• Data section:
↓

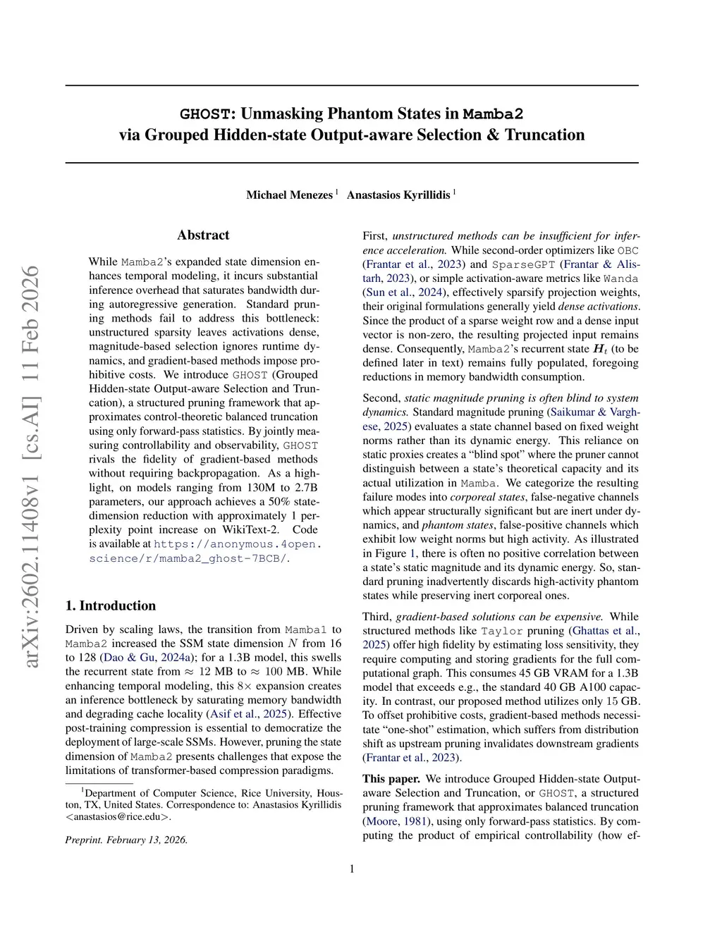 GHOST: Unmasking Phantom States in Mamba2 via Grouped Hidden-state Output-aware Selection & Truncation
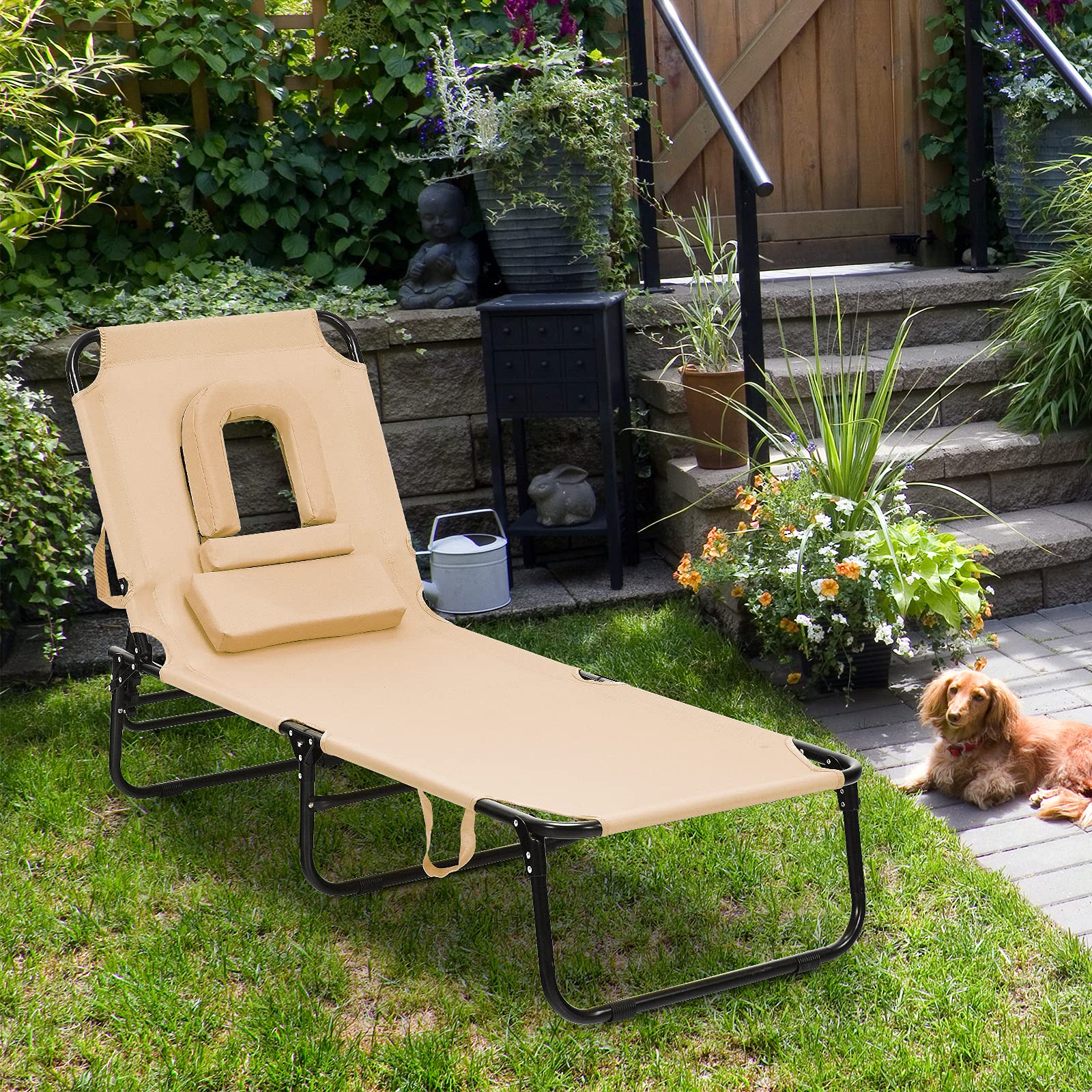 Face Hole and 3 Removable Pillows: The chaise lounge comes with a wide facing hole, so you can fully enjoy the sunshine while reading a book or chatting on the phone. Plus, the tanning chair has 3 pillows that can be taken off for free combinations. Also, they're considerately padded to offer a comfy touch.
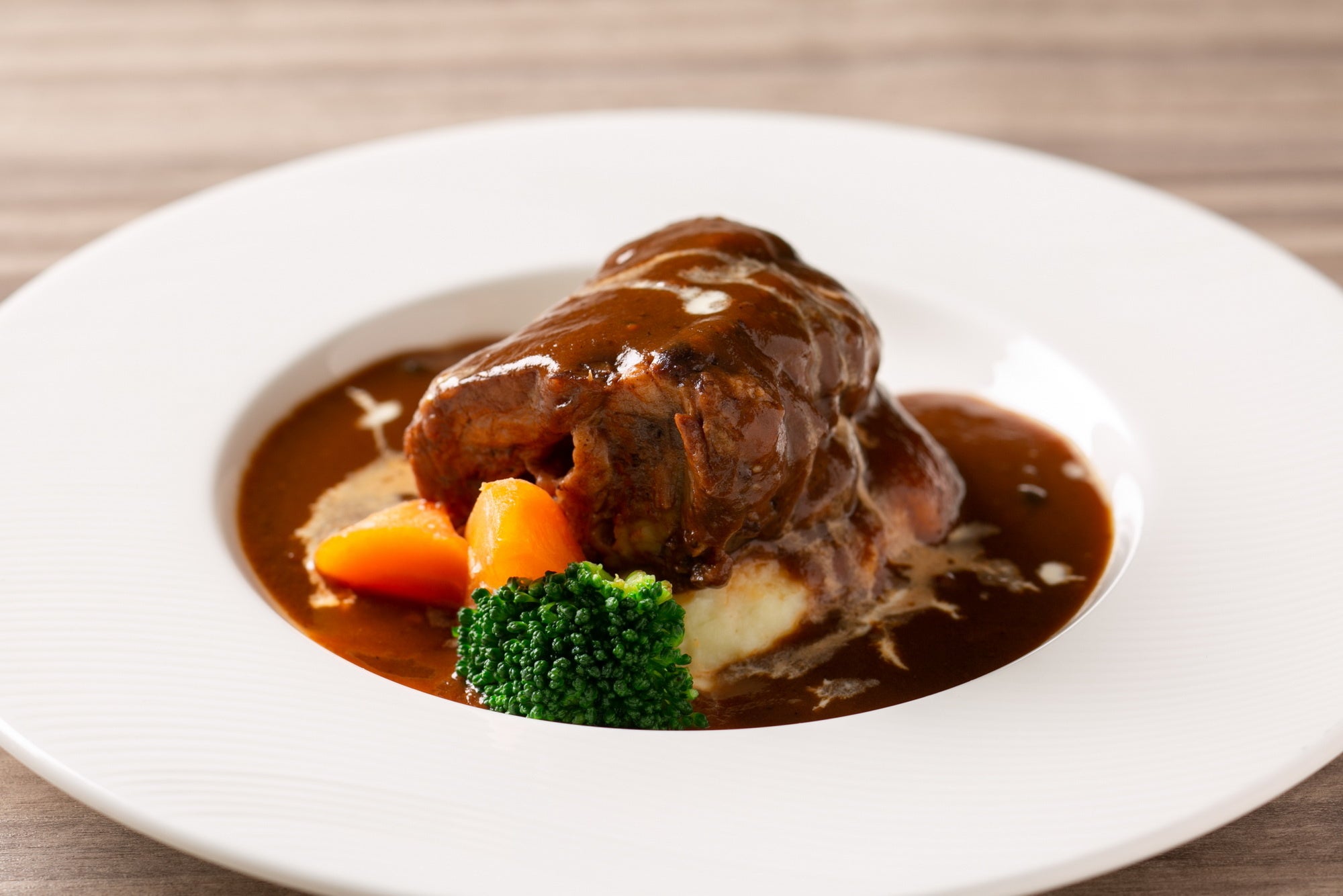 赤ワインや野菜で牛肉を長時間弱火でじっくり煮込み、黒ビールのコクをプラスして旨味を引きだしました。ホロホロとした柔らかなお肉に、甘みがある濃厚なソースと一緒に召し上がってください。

↑

• Exercise aim:
Each line from the one containing "Face Hole and" through the final line of the data must be reproduced exactly, both ends included, with no pictures in the copy.

• Reply to the task:
 Face Hole and 3 Removable Pillows: The chaise lounge comes with a wide facing hole, so you can fully enjoy the sunshine while reading a book or chatting on the phone. Plus, the tanning chair has 3 pillows that can be taken off for free combinations. Also, they're considerately padded to offer a comfy touch.
 赤ワインや野菜で牛肉を長時間弱火でじっくり煮込み、黒ビールのコクをプラスして旨味を引きだしました。ホロホロとした柔らかなお肉に、甘みがある濃厚なソースと一緒に召し上がってください。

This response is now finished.